Going line by line through the records below, write out everything starting with the line containing "(Since Haeckel's work" and going on through the line containing "9号楼本就位于社区核心位置,不仅正对景观", exactly and inclusively. Pictures do not go in.

## Exercise input
☆ ☆ ☆
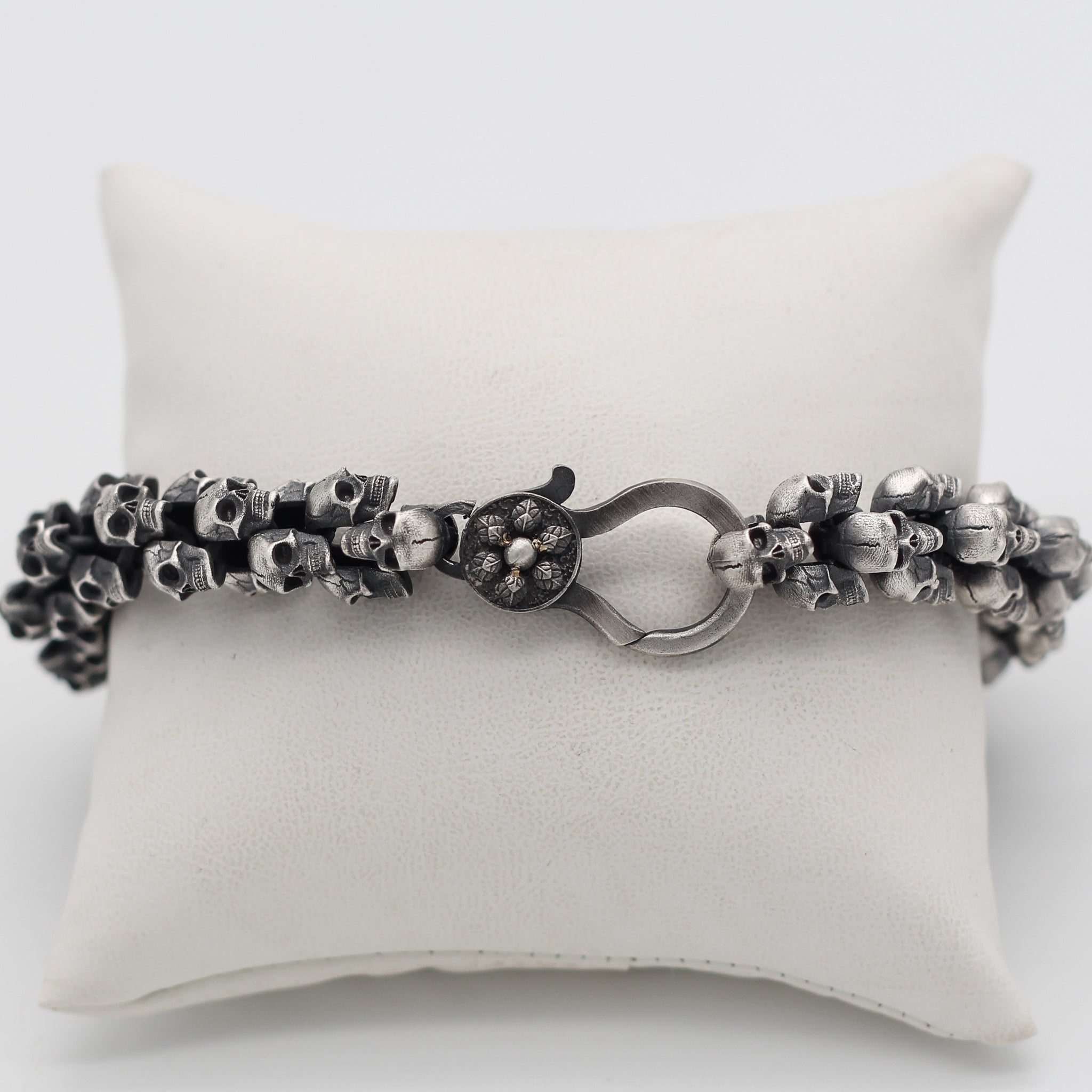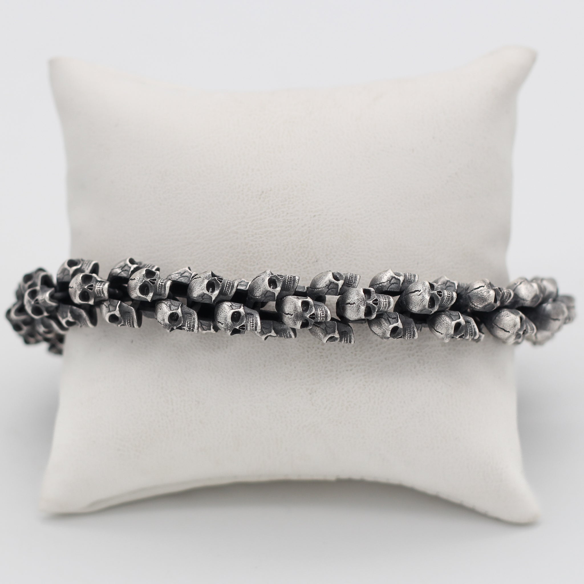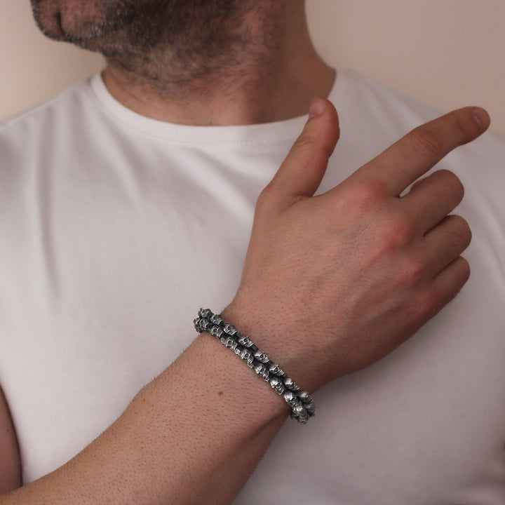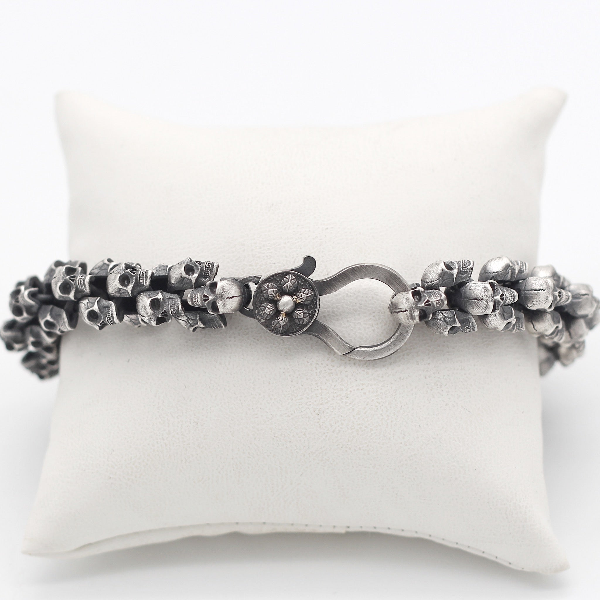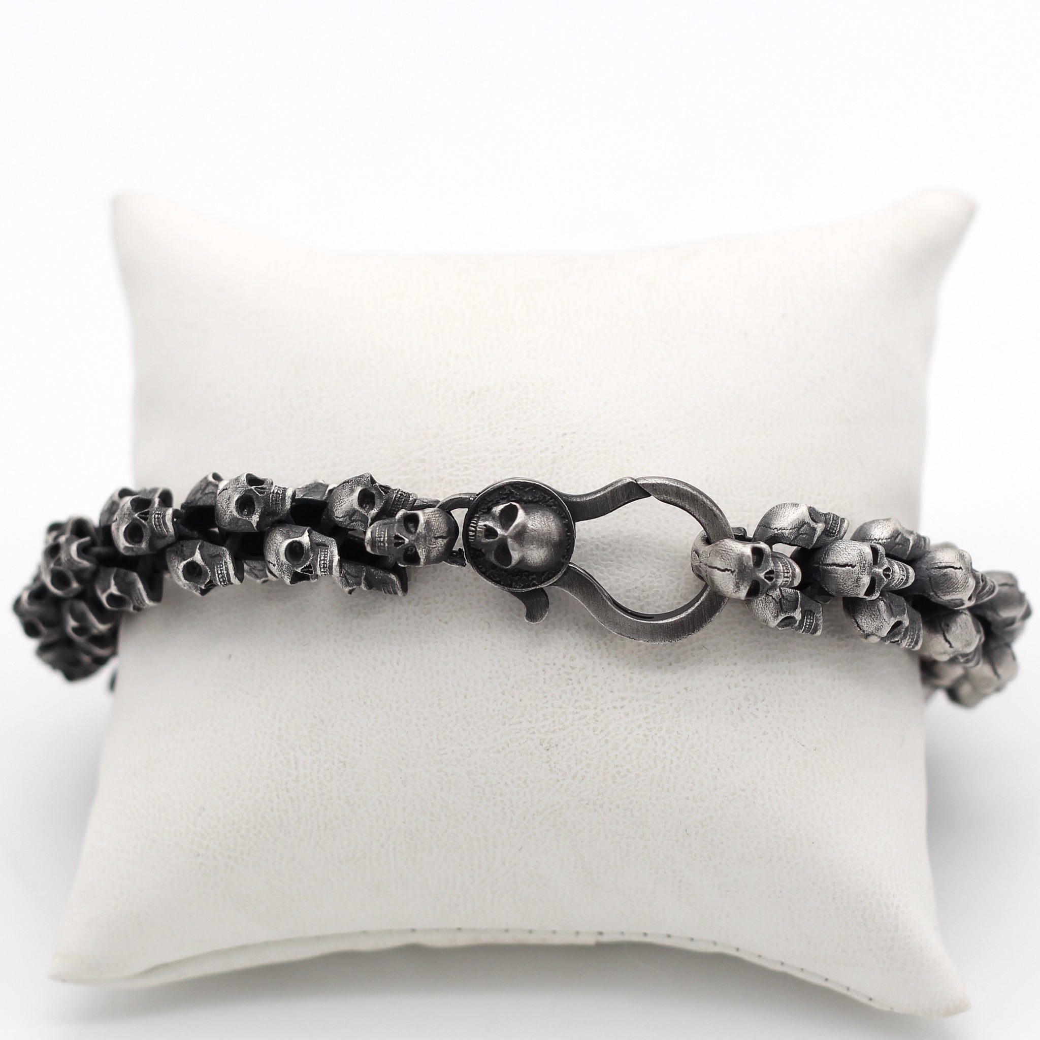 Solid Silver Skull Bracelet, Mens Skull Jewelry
☆ ☆ ☆
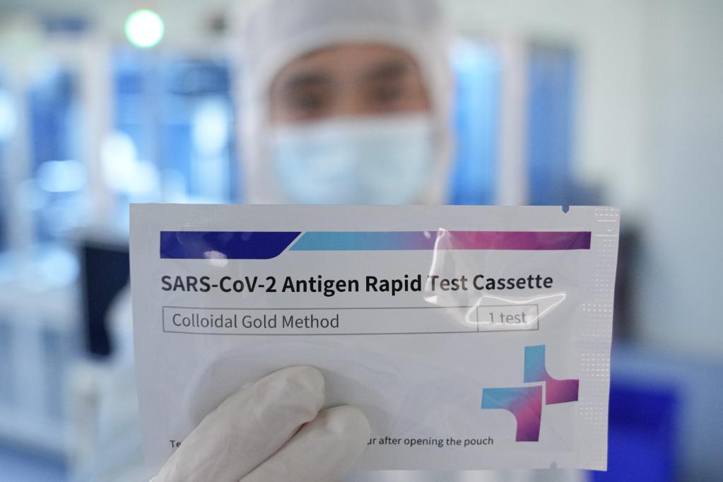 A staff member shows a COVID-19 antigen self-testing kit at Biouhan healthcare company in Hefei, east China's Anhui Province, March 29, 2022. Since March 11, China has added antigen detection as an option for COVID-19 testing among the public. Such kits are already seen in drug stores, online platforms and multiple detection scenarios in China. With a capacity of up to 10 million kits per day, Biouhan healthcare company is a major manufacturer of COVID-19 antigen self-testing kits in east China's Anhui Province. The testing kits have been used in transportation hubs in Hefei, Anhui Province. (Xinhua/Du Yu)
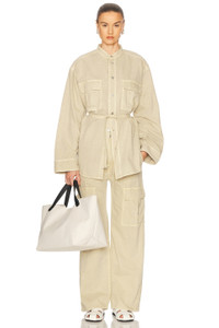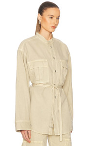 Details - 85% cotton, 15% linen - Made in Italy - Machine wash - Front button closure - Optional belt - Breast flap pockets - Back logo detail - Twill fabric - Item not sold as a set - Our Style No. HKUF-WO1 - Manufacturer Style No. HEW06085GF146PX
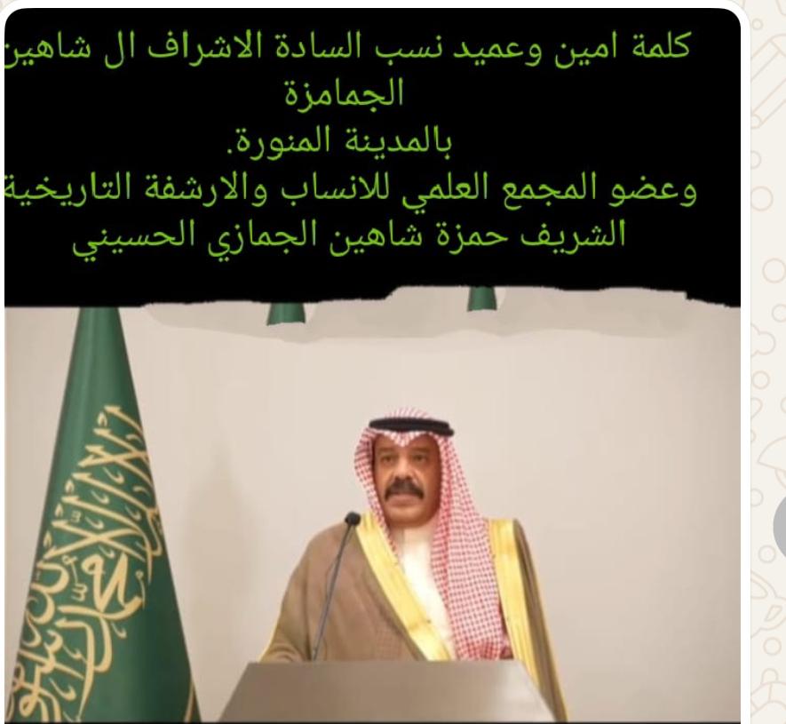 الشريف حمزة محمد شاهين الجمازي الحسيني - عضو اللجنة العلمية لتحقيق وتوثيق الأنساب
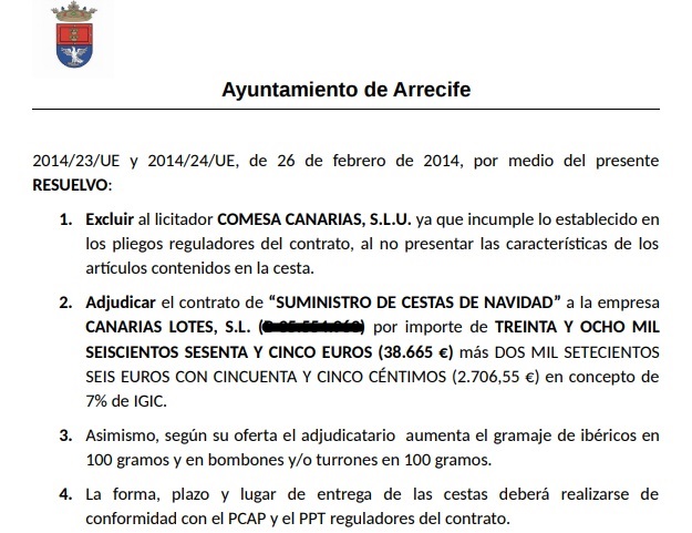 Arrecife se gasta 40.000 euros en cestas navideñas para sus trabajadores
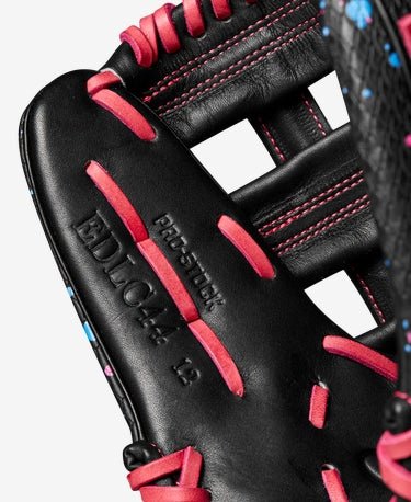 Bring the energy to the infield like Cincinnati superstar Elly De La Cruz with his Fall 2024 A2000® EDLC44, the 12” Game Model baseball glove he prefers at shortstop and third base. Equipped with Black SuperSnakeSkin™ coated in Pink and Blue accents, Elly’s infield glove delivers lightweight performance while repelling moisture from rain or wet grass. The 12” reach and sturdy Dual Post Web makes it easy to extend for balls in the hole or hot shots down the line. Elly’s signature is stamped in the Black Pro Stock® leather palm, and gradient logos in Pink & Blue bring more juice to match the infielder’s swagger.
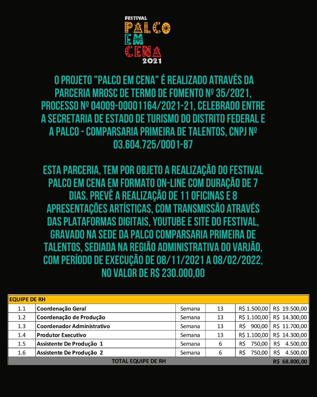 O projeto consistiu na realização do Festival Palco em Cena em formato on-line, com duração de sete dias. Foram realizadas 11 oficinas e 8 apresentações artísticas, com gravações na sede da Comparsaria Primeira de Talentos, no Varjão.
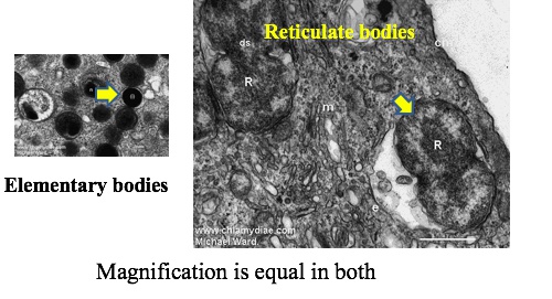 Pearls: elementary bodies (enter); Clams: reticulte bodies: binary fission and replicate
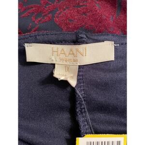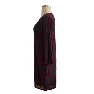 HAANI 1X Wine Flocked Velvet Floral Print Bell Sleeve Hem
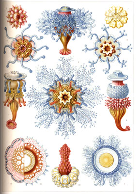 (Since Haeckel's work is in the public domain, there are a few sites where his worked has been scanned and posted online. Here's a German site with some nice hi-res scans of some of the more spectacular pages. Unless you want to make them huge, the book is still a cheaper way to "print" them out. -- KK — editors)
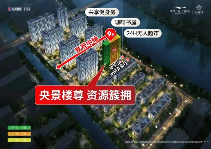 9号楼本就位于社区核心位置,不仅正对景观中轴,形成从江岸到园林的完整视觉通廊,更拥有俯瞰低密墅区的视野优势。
☆ ☆ ☆
## Output
 (Since Haeckel's work is in the public domain, there are a few sites where his worked has been scanned and posted online. Here's a German site with some nice hi-res scans of some of the more spectacular pages. Unless you want to make them huge, the book is still a cheaper way to "print" them out. -- KK — editors)
 9号楼本就位于社区核心位置,不仅正对景观中轴,形成从江岸到园林的完整视觉通廊,更拥有俯瞰低密墅区的视野优势。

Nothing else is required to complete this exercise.